Across the schools I visited in Senegal, I observed students developing global competence in meaningful and authentic ways. Students demonstrated a strong ability to communicate ideas across languages and cultures. All students were multilingual, speaking Wolof, French, English, Arabic, and sometimes other local languages. This allowed them to express ideas not just in different languages but in different contexts and showed how communication is deeply connected to both cultural identity and global connection in Senegal. As a monolingual English speaker, this was humbling. It pushed me to reflect on what I model for my own students about linguistic curiosity, and how I can better honor multilingualism as an asset and a form of intelligence in my classroom.
I also noticed how art, music, and tradition were valued and honored within school and home settings alongside modern perspectives, giving students multiple frameworks for understanding and expressing their place in the world.

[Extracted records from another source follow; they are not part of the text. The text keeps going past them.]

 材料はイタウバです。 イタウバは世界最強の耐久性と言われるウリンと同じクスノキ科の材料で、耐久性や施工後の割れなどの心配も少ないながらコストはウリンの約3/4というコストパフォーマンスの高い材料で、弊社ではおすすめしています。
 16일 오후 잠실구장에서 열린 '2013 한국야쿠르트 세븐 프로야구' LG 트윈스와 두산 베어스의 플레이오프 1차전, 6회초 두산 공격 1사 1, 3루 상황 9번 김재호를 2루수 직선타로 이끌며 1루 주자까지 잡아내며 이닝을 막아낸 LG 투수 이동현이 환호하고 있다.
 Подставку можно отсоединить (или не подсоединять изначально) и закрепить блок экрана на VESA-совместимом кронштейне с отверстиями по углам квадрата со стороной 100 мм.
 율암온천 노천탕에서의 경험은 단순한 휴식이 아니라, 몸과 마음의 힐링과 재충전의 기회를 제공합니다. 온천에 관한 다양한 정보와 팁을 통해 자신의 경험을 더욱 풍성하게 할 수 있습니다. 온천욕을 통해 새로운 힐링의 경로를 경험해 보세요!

Senegalese schools appeared to treat cultural identity not as something separate from global awareness, but as the very foundation for which students could engage with the wider world confidently and critically.

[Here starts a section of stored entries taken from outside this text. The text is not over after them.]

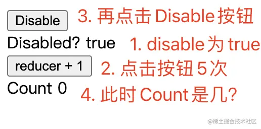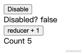 现在问题来了,当disabled props为true时(此时count为0),我们点击reducer + 1按钮5次,然后再点击Disable按钮(disabled props会变为false),此时count为多少呢?
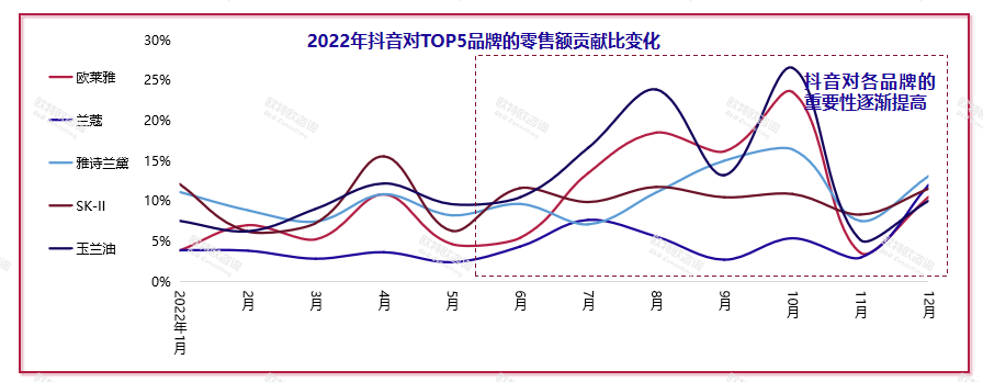 其次,從渠道端來看,抖音或將成為國際大牌進一步深耕的重要陣地。“國際品牌正在重構自身渠道的競爭力。從去年6月份開始,歐萊雅、蘭蔻在抖音的零售額已經有了明顯提升!绷_興表示,這代表國際品牌已經認識到了抖音的重要性,也在積極擴展此渠道為品牌帶來更多增量。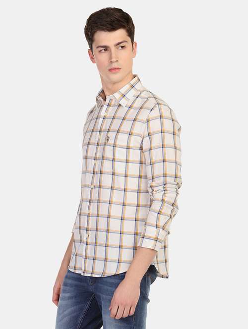 beige checkered casual shirt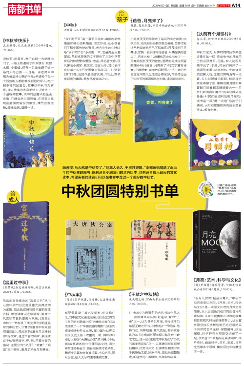 编者按:后天就是中秋节了。“但愿人长久,千里共婵娟。”南都编辑精选了近两年的中秋主题图书,既有适合小朋友们的漂亮绘本,也有适合成人翻阅的文化读本。希望南都的读者们可以在书香中度过一个美好的中秋节。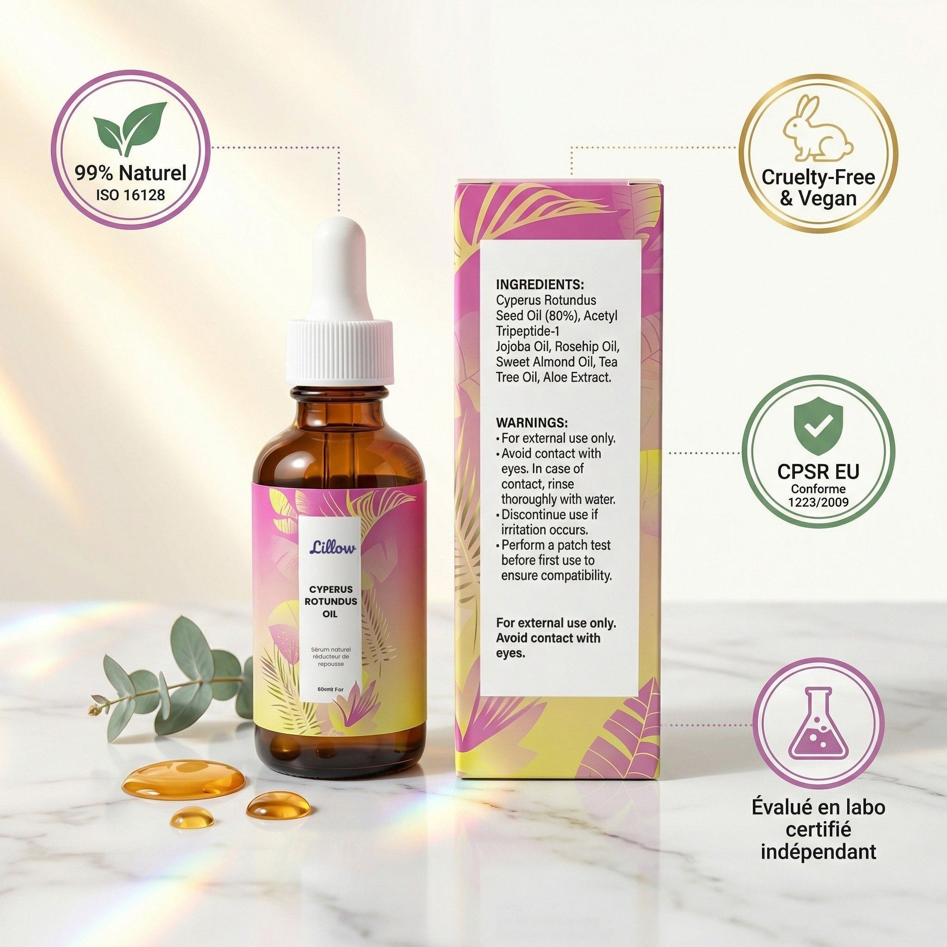 L'extrait de Cyperus Rotundus est absorbé en profondeur par votre peau, atteignant les follicules pileux directement à la racine, là où la croissance du poil commence.
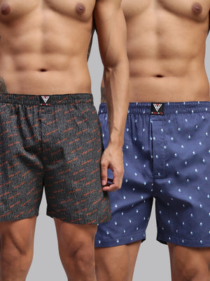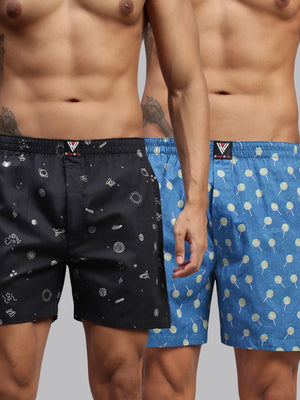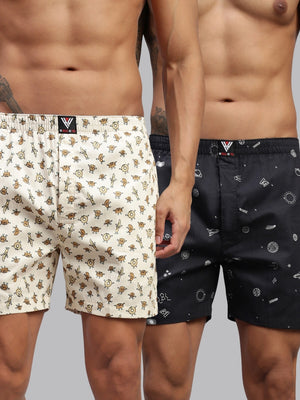 Men Pack of 2 Printed Cotton Boxer Shorts
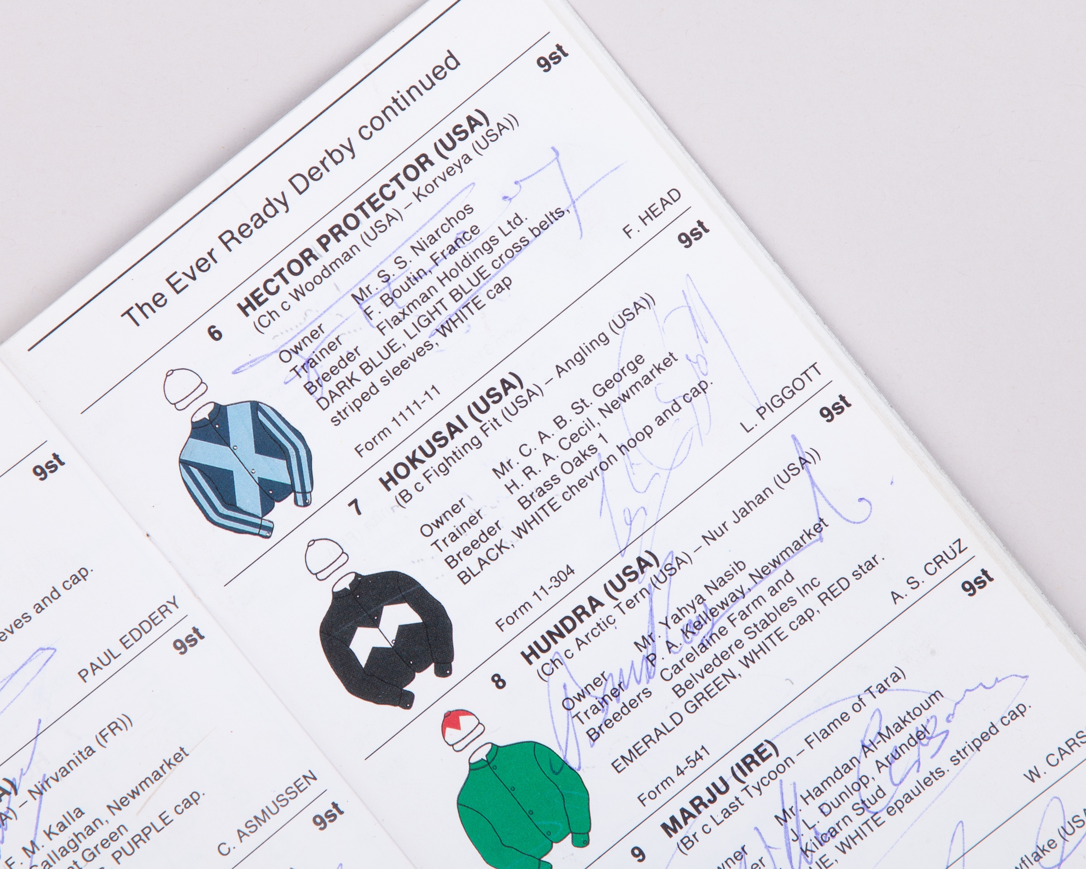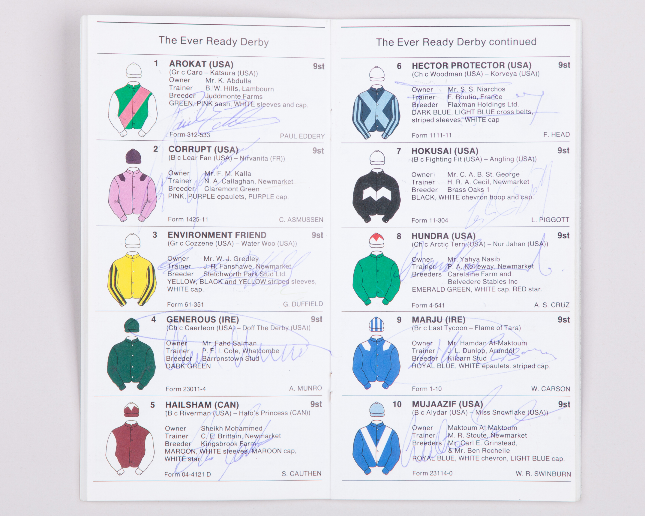 signed in ink over the race entries by Paul Eddery, Cash Asmussen, George Duffield, Alan Munro (winning jockey, Generous), Steve Cauthen, Freddy Head, Lester Piggott, Tony Cruz, Willie Carson, Walter Swinburn, Michael Roberts, Christy Roche & Pat Eddery

Students were also actively encouraged to investigate the world, particularly through learning about environmental challenges. Topics like climate change, sea level rise, and air pollution were discussed in classrooms, along with the notion of "freedom" and what that means in different contexts. All of this is helping students connect global issues to their local context in Senegal.
I also saw students recognizing perspectives through a strong emphasis on empathy and relationships. Schools welcomed outside educators, including us Fulbright educators, and created opportunities for cultural exchange. There was a clear culture of respect, curiosity, and openness to different viewpoints, as well as excitement to share their culture.
Finally, students were taking action through leadership opportunities and clubs. English clubs, student government, and other groups provided spaces for students to identify issues in their communities and start thinking about their local impact. These experiences helped students see themselves as contributors and emerging leaders. One of the most inspiring parts of this was seeing girls hold these leadership roles.
I am left wondering how these strong foundations in global competence can be further supported to help students translate their learning into meaningful action, particularly around environmental challenges. Specifically, I wonder how educators and schools in Senegal can continue to empower students as changemakers in ways that are rooted in their own cultural context, values, and community priorities, without imposing outside or Western perspectives on what “action” should look like. I am also curious about what systems, resources, or partnerships might support students in moving from awareness to sustained, locally-driven impact, especially in addressing issues like waste management, climate change, and environmental sustainability.